Analyzing Trump’s Tax Plan

By now you have probably heard the Trump administration revealed their general outline for tax reform.  The reform touches on both corporate and individual taxes so bear with me as I outline the takeaways from both below.

  1. Tax brackets are shrunk to three at 10 percent, 25 percent and 35 percent.
  2. Majority of deductions are eliminated except mortgage and charitable deductions.
  3. The Earned Income Tax Credit is doubled and the AMT is eliminated.
  4. The Standard Deduction is doubled to $12,500 for individuals and $25,000 for families.
  5. The Inheritance Tax is repealed.
  6. Investment Income is taxed at 20 percent instead of 23.8 percent.
  7. The corporate tax rate is cut from 35 percent to 15 percent.

When I say the tax plan amounts to a broad outline it is true.  Their is no detailed policy proposal or analysis to go with this idea.  It is merely a one or two page document from the White Housing saying these are the items we would like to see in tax reform.  Notably, the border adjusted import tariff is absent (a nod to business concerns).

The document’s release coincides closely with the end of the administration’s first 100 days (Saturday). Despite its failure to repeal the ACA the Trump camp and House leaders continue to work on a repeal bill.  However, it is notable they are not including Senate leadership where the repeal bill’s fate will ultimately be decided.

But, back to the Trump camp’s tax reform outline.  The move is a big win for low income families that pay no income tax.  A doubling of the EITC would mean a single individual could see a refund even if they pay no taxes up to almost $30,000.  For lower to middle income earners doubling the standard deduction would be a significant boon, especially when combined with the mortgage interest and charitable deductions remaining in effect.  However, there was no information on what income level these brackets would encompass.

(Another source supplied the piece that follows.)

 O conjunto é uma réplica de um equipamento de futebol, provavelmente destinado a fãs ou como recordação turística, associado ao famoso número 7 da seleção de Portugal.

Democrats and liberals are sure to loathe the repeal of the AMT (Alternative Minimum Tax) and decreasing the investment income tax.  Both would dramatically benefit the wealthy.  For that matter so would repealing in its entirety the inheritance tax or let’s call it what it is, the death tax.

Corporations, large and small, on the surface benefit from the drop in corporate tax rates.  However, many businesses, large and small, rely on numerous loopholes in the tax code to not pay the maximum 35 percent tax.  For example, small businesses benefit from such deductions as hiring veterans or older workers.  Investing in infrastructure is another deduction.  But removing these deductions might make some businesses pay more.

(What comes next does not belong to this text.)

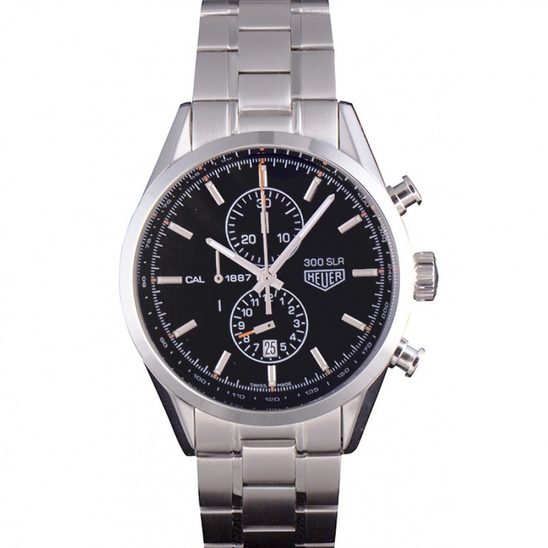 Lujo Réplicas Relojes TAG Heuer SLR pulido caja de acero inoxidable Negro Dial correa de acero inoxidable

While there is something in this guideline for everybody there is also something for everybody to oppose.  For example, young families might object to removing the childcare tax deduction.  The wealthy lose access to deductions for investment income for their estate.  The middle class benefits from bumping up the standard deduction but loses access to deductions on saving for healthcare costs, retirement and more.  Now, whether an individual wins or loses based on these ideas for reform depends on the situation.  But, more likely than not, the simplistic form of this reform is unlikely to survive.

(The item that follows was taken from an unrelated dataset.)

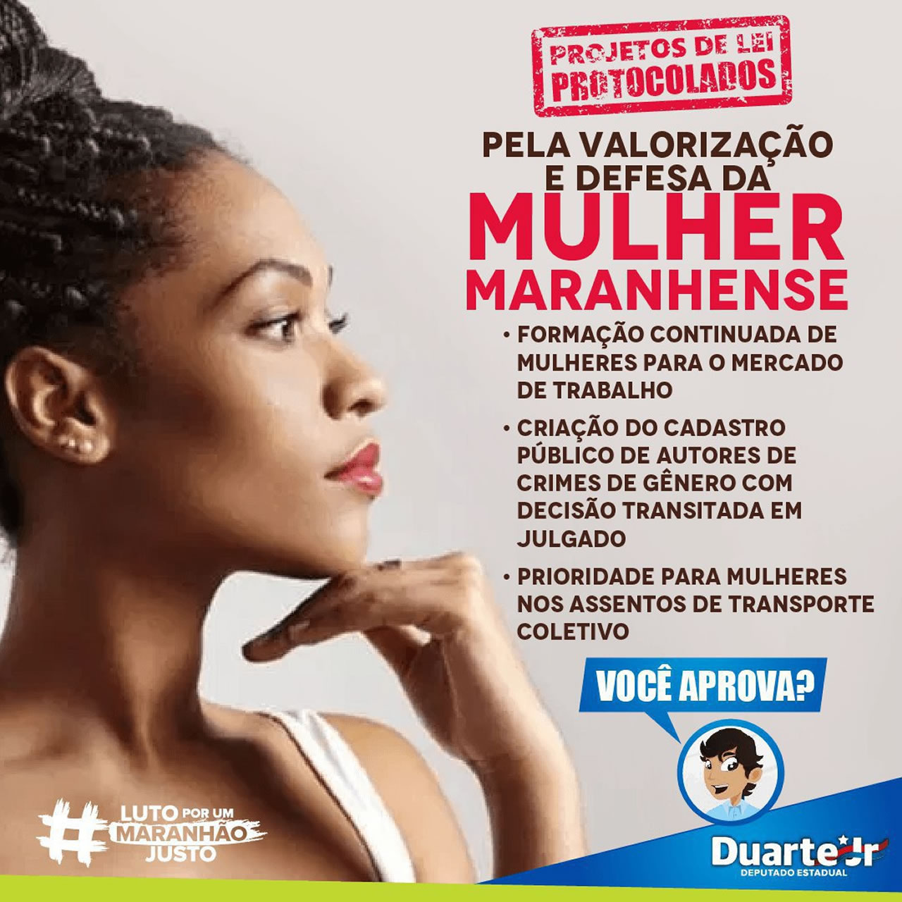 Duarte Jr. também protocolou pedido para que seja votado, em regime de urgência, projeto da deputada estadual Ana Mendonça que visa incluir no ensino médio, de forma interdisciplinar, o tema “Combate à Violência Contra a Mulher” nas escolas públicas e privadas de todo o Maranhão. “A deputada Ana Mendonça está de parabéns pela iniciativa porque este projeto tem uma importância estratégica para a mudança de mentalidade e de comportamento sobre as mulheres. As gerações que formarão o futuro devem aprender hoje e sempre a respeitar e cuidar das mulheres em qualquer situação”, conclui Duarte Jr.

Whether it could even survive Congress is debatable though they did take out the most contentious aspects of the reform for business.  But Democrats are sure to balk at the cuts for the wealthy while deficit hawks in the GOP are sure to not like the price tag.

Still, the outline does give the Trump administration something to start from with Congress.  It also allows them to say they have worked up an outline for tax reform within the administration’s first 100 days.

Something to keep in mind moving forward.  The failure of the AHCA will impact tax reform.  If the bill is not deficit neutral, as expected, and is passed under budget reconciliation, the reform will have a ten year sunset.  The AHCA cut the deficit by 900 billion over ten years and that offset could have been transferred over to any tax reform bill.  Well, without a repeal bill in effect those savings cannot be realized and transferred over to tax reform.

Still, this is a wishlist of what the Trump administration would like to see.  They have learned from their healthcare debacle and put out their ideas for reform.  Now comes the part where they engage with Congress to get a finalized product through.  If healthcare is any indication, it will be a long and tumultuous process.